The latest hiccup in Greece was caused by European finance ministers’ determination to get Greek leaders to commit themselves to changing their ways. While riots exploded on the streets of Athens, the Greek parliament approved yet another programme of austerity and reform. The finance ministers were then due to agree on a new €130 billion ($170 billion) bail-out which is meant to clear the way for a private-sector debt-restructuring that would leave Greece owing around 120% of GDP in 2020, down from today’s 160%. But an election is looming in April, and Greece’s rescuers insisted that the country’s main political leaders should all sign up to the package.
For all the bile that some are now hurling, especially at Germany, the odds are that Greece’s politicians will buckle. Few in Athens want a disorderly default next month that might lead to a messy exit from the euro. Nor, despite sharp words from some German politicians, do most in the rest of Europe.
Elsewhere in the euro zone there are glimmers of hope, especially in the ambition for structural reforms. In the euro’s first decade, southern Mediterranean countries enjoyed the benefit of lower interest rates, but they failed to reform their labour and product markets to make their economies more competitive for a world in which they had lost the safety-valve of currency devaluation.
Belatedly, the euro crisis has changed this. Ireland has regained competitiveness. Spain’s new government won a big mandate for radical change last November. It has announced reforms of its rigid labour laws that may eventually go a long way towards cutting the country’s chronically high unemployment. And Italy’s new prime minister, Mario Monti, although running an unelected government, basks in the highest popularity rating of any Italian leader in years. Mr Monti has already passed a pension reform and is soon to propose labour reforms of his own (see article). All this should make euro-zone members better able to cope with the rigours of sharing a single currency with Germany.
Yet the continuing frailty of the euro zone’s economies threatens to undermine these efforts. The latest numbers, for the fourth quarter of 2011, show Greek GDP shrinking by as much as 7% a year. Ahead of an election that may bring the centre-right to power, this is making the politics of austerity still more vicious (see article). It also sets up the eventual prospect of yet another debt restructuring. And although a new government may successfully impose wage and public-sector payroll cuts, Greece’s privatisation promises look hopelessly optimistic. Deeper reforms to the economy may prove to be beyond its politicians’ capacity, even if they keep their word (which past form suggests they will not).
Italy, Spain and Portugal will all see a sharp fall in GDP this year. The euro-zone economy as a whole may now be shrinking, after GDP fell in the fourth quarter (see article), and the fiscal compact imposed by Germany is geared towards ever more austerity. These fears spill over into the bond markets, as this week’s downgrades by Moody’s, a ratings agency, have underlined. Although investors have become more optimistic about Spain and Italy, they remain worried about Portugal.
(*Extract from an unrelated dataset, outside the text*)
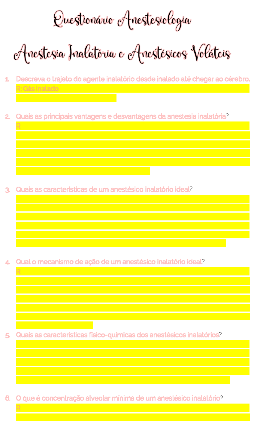ANESTESIOLOGIA VETERINÁRIA @IZACSSR 1. Descreva o trajeto do agente inalatório desde inalado até chegar ao cérebro. R: Gás inalado → membrana alveolar → difusão sanguínea → SNC/tecidos → efeitos depressores → anestesia. 2. Quais as principais vantagens e desvantagens da anestesia inalatória? R: As vantagens da anestesia inalatória incluem maior e melhor controle do plano anestésico, recuperação rápida, rápida eliminação por via aérea (até 98%), rápida metabolização (0,2%), não tem efeito cumulativo, pode manter por tempo prolongado e baixo consumo. As desvantagens são: requer aparelhos específicos, treinamento de profissionais e profissional específico para executar o procedimento de anestesia. 3. Quais as características de um anestésico inalatório ideal? R: Um anestésico inalatório ideal deve ter: Ação previsível, indução e recuperação rápidas, odor agradável, ausência de efeitos adversos renais e hepáticos, depressão cardiovascular mínima, não sensibilizar o miocárdio à ação das catecolaminas, não ser inflamável, biotransformação mínima ou ausente, possibilidade de monitoração da concentração inspirada e expirada (CAM clínica), estabilidade química, fácil administração e custo baixo. 4. Qual o mecanismo de ação de um anestésico inalatório ideal? R: Os anestésicos inalatórios estabelecem o plano anestésico por seus efeitos na atividade neuronal espontânea e metabolismo. Não há receptor específico nem local único de ação. Sugere-se que o estado de anestesia seja instalado a partir dos efeitos inibitórios nos receptores GABAa e glicina. Agem no sistema reticular ativador, córtex cerebral, núcleo cuneado, córtex olfatório e hipocampo. Deprimem transmissão excitatória na medula espinhal e também agem no tronco cerebral. 5. Quais as características físico-químicas dos anestésicos inalatórios? R: As características físicas determinam os meios pelos quais os anestésicos devem ser administrados, a cinética no organismo e influenciam nos períodos de indução e recuperação da anestesia. Já as características químicas determinam a ação e segurança na administração, apresentação física do fármaco (gás ou líquido), indica estabilidade à luz, calor e solubilidade. 6. O que é concentração alveolar mínima de um anestésico inalatório? R: CAM ou concentração alveolar mínima é definida como a concentração alveolar de um agente, a uma atmosfera de pressão, capaz de evitar em 50% ANESTESIOLOGIA VETERINÁRIA @IZACSSR dos pacientes movimentos intencionais em resposta a um estímulo supramáximo. 7. O que é coeficiente de solubilidade de um anestésico inalatório? R: Razão entre as quantidades do anestésico dissolvido em dois meios diferentes quando há equilíbrio entre eles/capacidade de determinado solvente em dissolver o gás anestésico. 8. O que é pressão de vapor de um anestésico inalatório? R: É a pressão que as moléculas de vapor exercem no estado de equilíbrio. Quanto maior a pressão de vapor, maior a capacidade de evaporação. 9. O que é ponto de ebulição de um anestésico inalatório? R: É a temperatura em que a pressão de vapor do líquido é igual à pressão atmosférica. Quanto menor o ponto de ebulição, mais facilmente o fármaco se transforma em vapor. 10. O que é peso molecular de um anestésico inalatório? R: O peso molecular influencia em determinar a capacidade do anestésico em atravessar as membranas celulares. Quanto maior o peso molecular, mais difícil de atravessar as barreiras placentária e hematoencefálica. 11. Quais os principais fatores que alteram a captação, a distribuição e a eliminação dos anestésicos inalatórios? 12. Quais os principais agentes inalatórios e as características principais de cada um? R: Isofluorano: - isômero de enfluorano, estável; - produz rápida indução e recuperação da anestesia; - pode ser utilizado em todas as spp.; - absorvido e eliminado pelos alvéolos; - excretado na íntegra pelos pulmões; - pouco eliminado pelo sistema renal; - pouco degradado (0,25% é metabolizado). ANESTESIOLOGIA VETERINÁRIA @IZACSSR Sevofluorano: - baixo coeficiente de gás : sangue 0,6 a 0,7; - indução e recuperação rápidas e suaves; - CAM aprox. de 2,4%; - não pungente (odor agradável); - relativamente estável na cal sodada; - depressor do SNC; - produz bom miorrelaxamento e analgesia; - depressão cardiorrespiratória dose dependente; - não sensibiliza o miocárdio às catecolaminas. 13. Quais os principais efeitos dos anestésicos inalatórios nos vários sistemas do organismo? R: Isofluorano: - SNC: depressão generalizada, fluxo sanguíneo estável na ventilação correta; - SISTEMA RESPIRATÓRIO: depressão resp; PaCO2 aumenta com o tempo; - SISTEMA CARDIOVASCULAR: depressão cardáica menor que o halotano, diminuição da contratilidade muscular, ocorre vasodilatação importante; hipotensor, não sensibiliza o miocárdio às catecolaminas; - SISTEMA GASTROINTESTINAL: diminui a motilidade intestinal, não hepatotóxico; - SISTEMA RENAL: não altera a função; - SISTEMA MUSCULAR: excelente miorrelaxamento, potencializa os miorrelaxantes, pode causar hipertemia maligna em suínos; - ÚTERO E FETO: atravessa rapidamente a placenta, reduz o tônus uterino, segurança. Sevofluorano: - SNC: depressão generalizada, aumento do fluxo sanguíneo cerebral, sem potencial de promover convulsões; - SISTEMA RESPIRATÓRIO: depressão cardiorrespiratória dose dependente; - SISTEMA CARDIOVASCULAR: depressão dose dependente; - SISTEMA GASTROINTESTINAL: mantém fluxo sanguíneo hepático; - SISTEMA RENAL: diminui levemente, redução na taxa glomerular; - SISTEMA MUSCULAR: bom relaxamento muscular; - ÚTERO E FETO: atravessa a placenta, produz depressão fetal.

The chronic lack of growth threatens to poison politics, which has now become the greatest danger of all for the euro. Europe’s voters have so far been surprisingly stoical, but they will surely rebel if no light is in sight. Where economies are shrinking, people will have to endure even more pain—some of it imposed by diktats from Brussels and Berlin.
Although structural reforms may boost long-term growth prospects, they take years to bear fruit. In the short term they can raise unemployment and reduce incomes. Groups which have been protected from competition are likely to fight, sometimes violently, to keep their perks and privileges. The promoters of two previous labour-market reforms in Italy were both assassinated. Elections loom not just in Greece but also in France in April this year and in Italy in early 2013. The political weather in any of these countries could change overnight.
Reform in Germany, too
Two moods are competing in Europe: the feeling of injustice that set Athens ablaze last weekend, and the gathering sense of progress as governments act to make economies more competitive. The euro’s fate will be determined by which prevails.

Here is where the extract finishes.